En principio no se pensó en una crisis duradera, porque la banca actuó de freno, comprando parte de esas acciones, con la esperanza de que dejaran de salir títulos a la venta, y que pasara el pánico, pero llegó un momento en que la banca, que había concedido préstamos a diestro y siniestro a todo el mundo, se encontró sin dinero para seguir comprando tantas acciones. En la primavera de 1930, los bancos (banca Morgan entre ellos) no pudieron más, y se pusieron a vender también todo lo que habían acumulado intentando frenar la crisis.

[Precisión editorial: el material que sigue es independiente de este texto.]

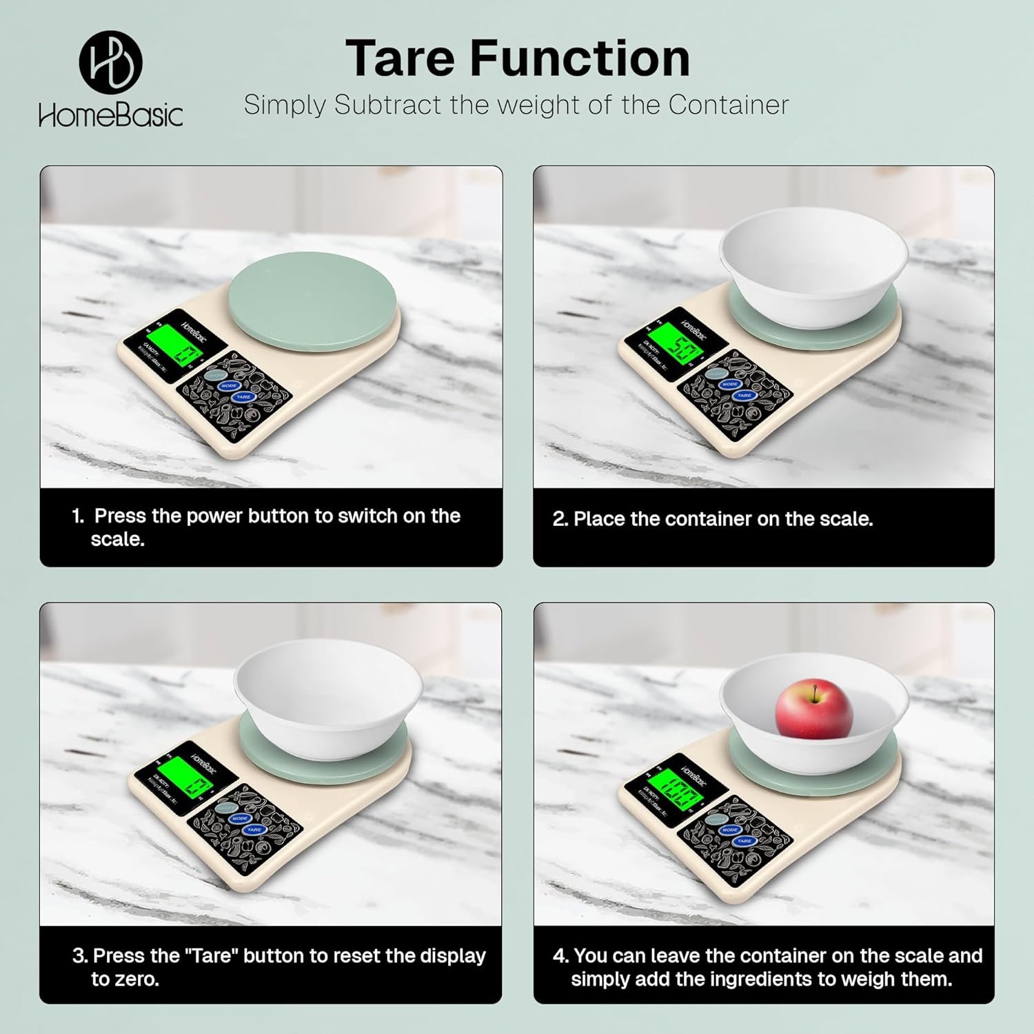HOMEBASIC Digital Kitchen Weighing Scale 10Kg: High-Precision 1g Accuracy | Tare Function, LCD Display, Multi-Unit (g, oz) Portable Weight Machine Food Scale for Cooking Baking Diet (Beige+GRN)
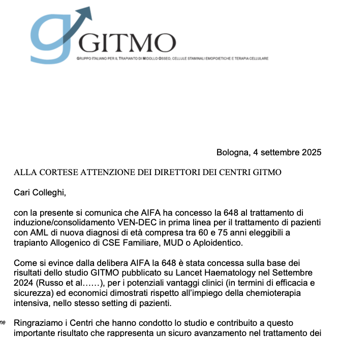 Comunicazione GITMO in merito all'inserimento in l. 648/1996 farmaco venetoclax
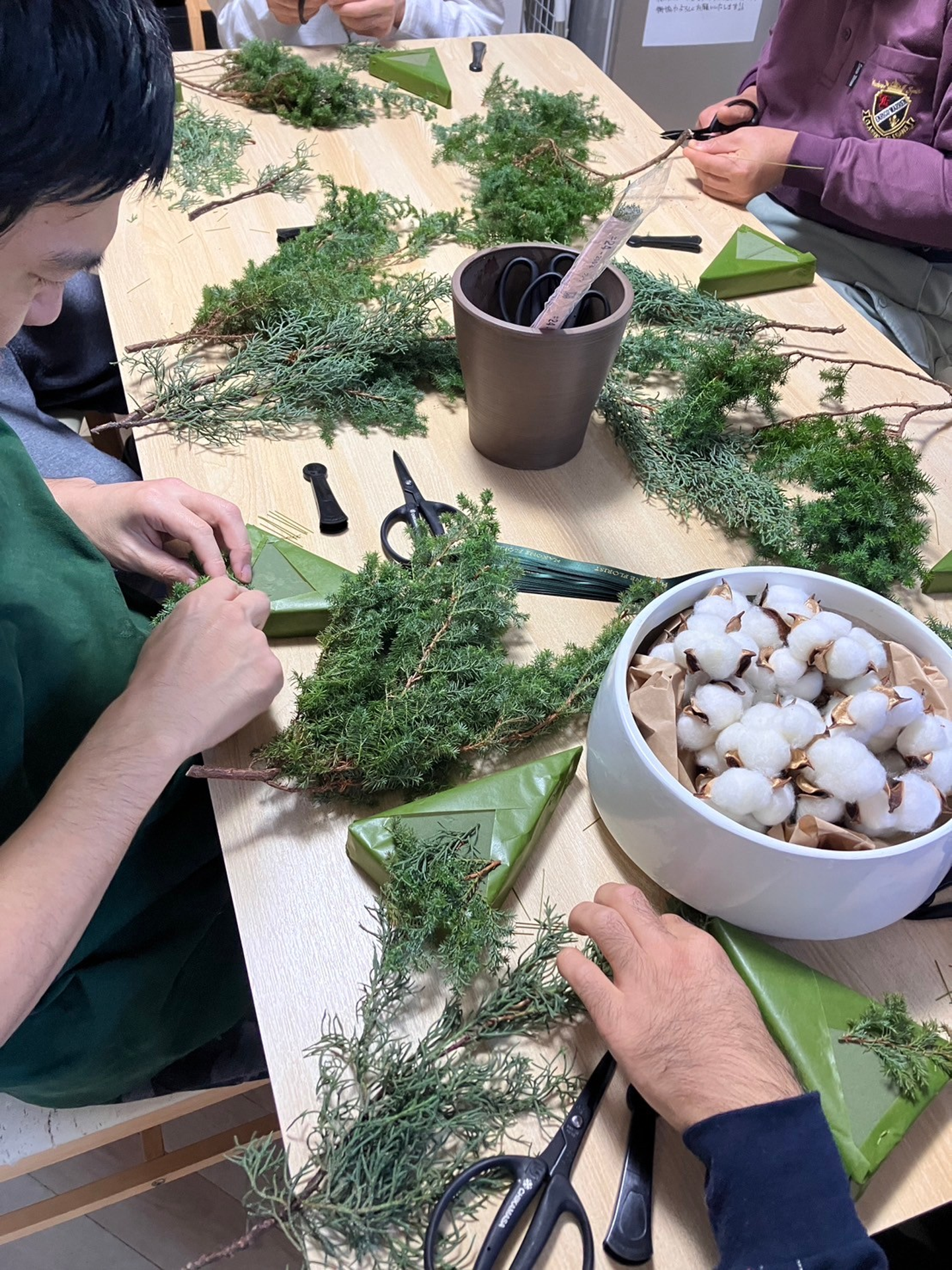 Iさん「みんなモクモクとやっていた。スポンジに枝を刺すのは少し硬くて大変だったけど、慣れたら簡単にできるようになった。自分は飾りを10個選ぶのが大変だった。気づけば2個も作っていた」

Y entonces sí que se produjo una atroz caída de los valores de las acciones en la bolsa de Wall Street. Os cito el caso conocidísimo de United States Steel, una siderúrgica muy poderosa, que pasó de que sus acciones valieran 250 $, a tan sólo 22 $.

Esta caída de valores arrastró a los bancos, industrias y posteriormente, a toda empresa de los Estados Unidos a una crisis económica sin precedentes (hasta entonces). Ello condujo a la llamada Gran Depresión, un período de terrible penuria mundial:
http://us.history.wisc.edu/hist102/lectures/lecture18.html
http://en.wikipedia.org/wiki/Great_Depression
http://www.gold-eagle.com/editorials_98/vronsky060698.html
Miles de empresas desaparecieron, millones de personas se arruinaron y se fueron al paro, se perdió la confianza en la economía, y el resto es Historia…
http://en.wikipedia.org/wiki/Wall_Street_Crash_1929
Atlas histórico Mundial, tomo II, Economía Mundial y crisis económica (1919-1939) de H. Kinder y W. Hilgemann, página 203.

Y ahora, seguimos con lo nuestro. Zeitgeist dice:

un préstamo margen le permitía al inversor pagar solo el 10% de un título, con el otro 90% siendo prestado a través del corredor de bolsa. En otras palabras, una persona podía tener 1000$ en títulos sólo pagando 100$. Este método era muy popular en los ‘20´s, cuando todo el mundo parecía estar haciendo dinero en la bolsa. Sin embargo, este préstamo tenía una trampa. Podía ser pedido en cualquier momento, y debía ser pagado en 24 horas. Esto se llama un “pedido marginal”, y el resultado típico de un pedido marginal es la venta del stock comprado con el préstamo.

Las cosas como son. Ahí sí acierta Zeitgeist: una de las causas primigenias de la especulación que dio lugar a la crisis de 1929 fue la facilidad con la que se podía pedir prestado en América para hacer negocios, montar una empresa o participar en bolsa.
En lo que se equivoca totalmente es en afirmar que la causa principal (no dice que hubiera más) fue un tipo en concreto de préstamo: el préstamo margen. Eso es mentira.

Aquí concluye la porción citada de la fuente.